While there are some histories which portray Indians joyfully becoming Christians, this was not usually what happened. In response to the intense pressure of the government to abandon their aboriginal religions, particularly their ceremonies, Indians often responded by incorporating some Christian concepts into their own religions. This resulted in blended indigenous/Christian religions, or by segregation in which aboriginal practices went underground and became invisible to non-Indian eyes. In some cases, revitalization movements arose. In his book Our Savage Neighbors: How Indian War Transformed Early America, Peter Silver explains:
“A revitalization movement occurs whenever a charismatic leader uses a divinely revealed system of rituals to channel the dissatisfactions that come with cultural change—and its worrisome half-digestion of new ways—toward a reawakening of traditional ideas and customs.”
Briefly described below are some of the events of 1873 that impacted Indian religions.
Native Religions
Among the Cheyenne, there are two sacred tribal medicine bundles: Sacred Arrows (Maahotse) and Sacred Buffalo Hat (Esevone). In Montana, Coal Bear returned and reminded Broken Dish that the care of the Cheyenne Sacred Buffalo Hat medicine bundle was to be turned over to him upon his return. The soldiers’ societies offered Broken Dish horses and other gifts as an inducement to turn over the sacred bundle. He refused and the soldiers’ societies decided to take the bundle from him and to restore it to Coal Bear, the rightful keeper.
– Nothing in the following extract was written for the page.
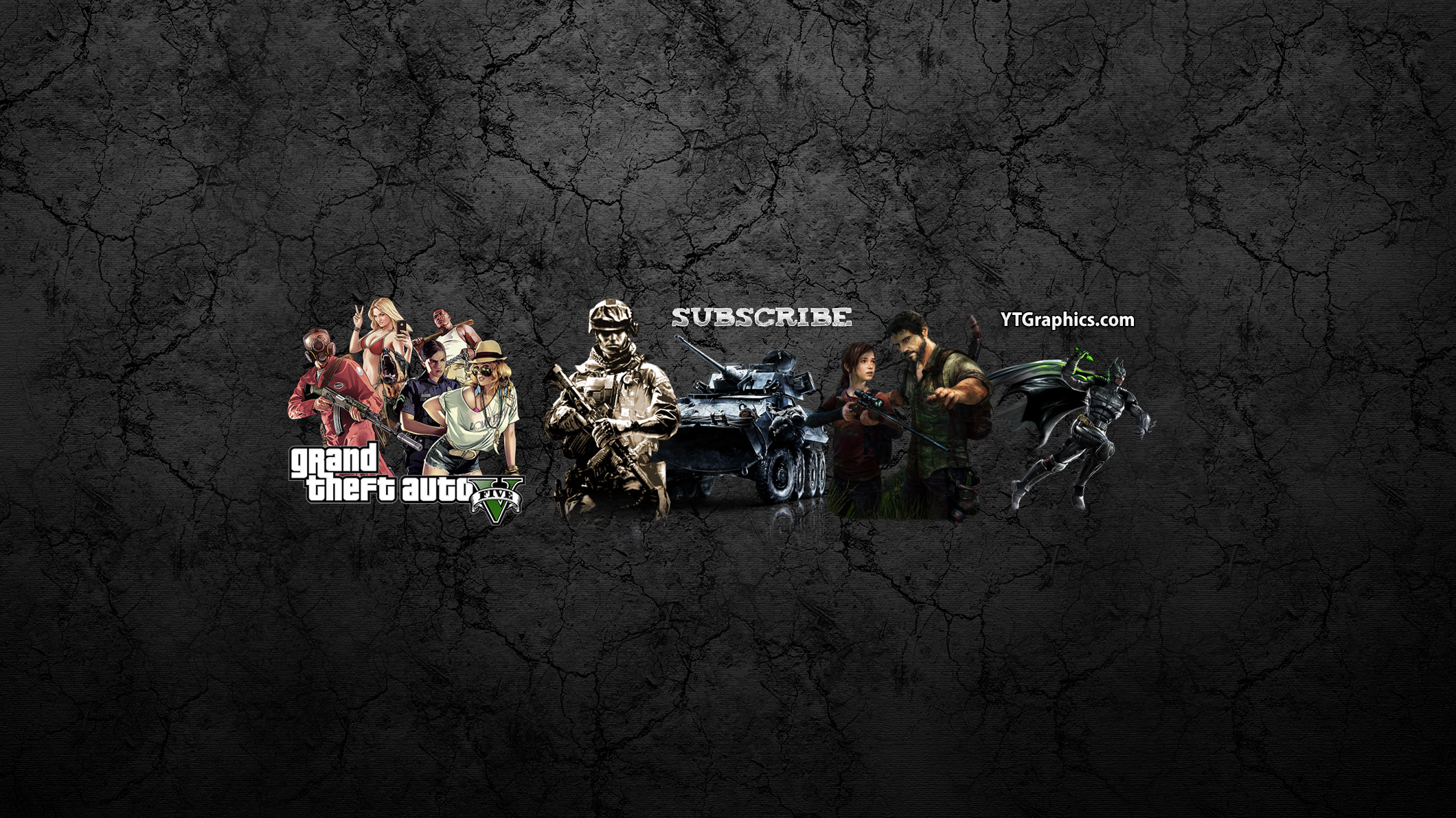 Most of our YouTube channel art at this point has been about a single game. We’re changing things up a bit. Here’s a banner with images from games that are currently popular. It’s great for if you have a YouTube channel about gaming in general, and not just focusing on a single game.

Before the Sacred Buffalo Hat was turned over to the soldiers’ societies, Ho’ko, the wife of Broken Dish, took off one of the horns and concealed it in her dress. Broken Dish and Ho’ko then snuck off to live in exile among the Sioux.
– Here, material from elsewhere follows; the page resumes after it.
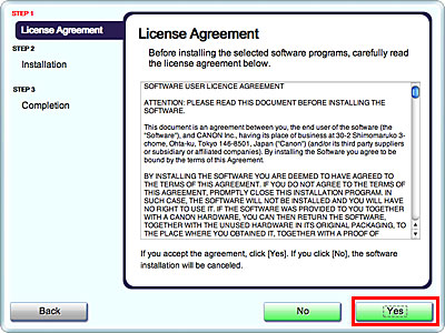 9. 請仔細閱讀「許可協定(License Agreement)」,如果同意,請按一下[是(Yes)]。
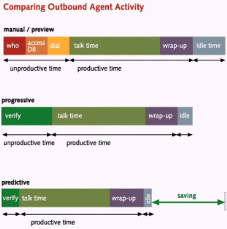 預測撥號 是一種用來在一個短的時段中對大量客戶進行聯(lián)絡的一種先進的步進模式。使用預測撥號,坐席代表僅僅處理成功的呼叫。預測撥號實現(xiàn)了最高水平的效率。預測撥號使用精密復雜的技術預測沒有被應答的呼叫的一個百分比和什么時候坐席代表將完成正在進行著的呼叫。預測撥號將自動撥電話號碼并對其中一些呼叫會失敗做好了準備。使用預測撥號,坐席代表每小時的通話時間大約在40到45分鐘。

Sometime later, when the bundle was opened ceremonially, the loss of the horn was discovered. When the Sutai prophet Erect Horns had given the Sacred Buffalo Hat to the people, he had warned them that they must never injure the hat in any way. With the removal of the horn, the people knew that bad things were going to happen.
In South Dakota, Big Missouri’s Winter Count records that Standing Cloud became the keeper of the sacred Sioux white buffalo robe.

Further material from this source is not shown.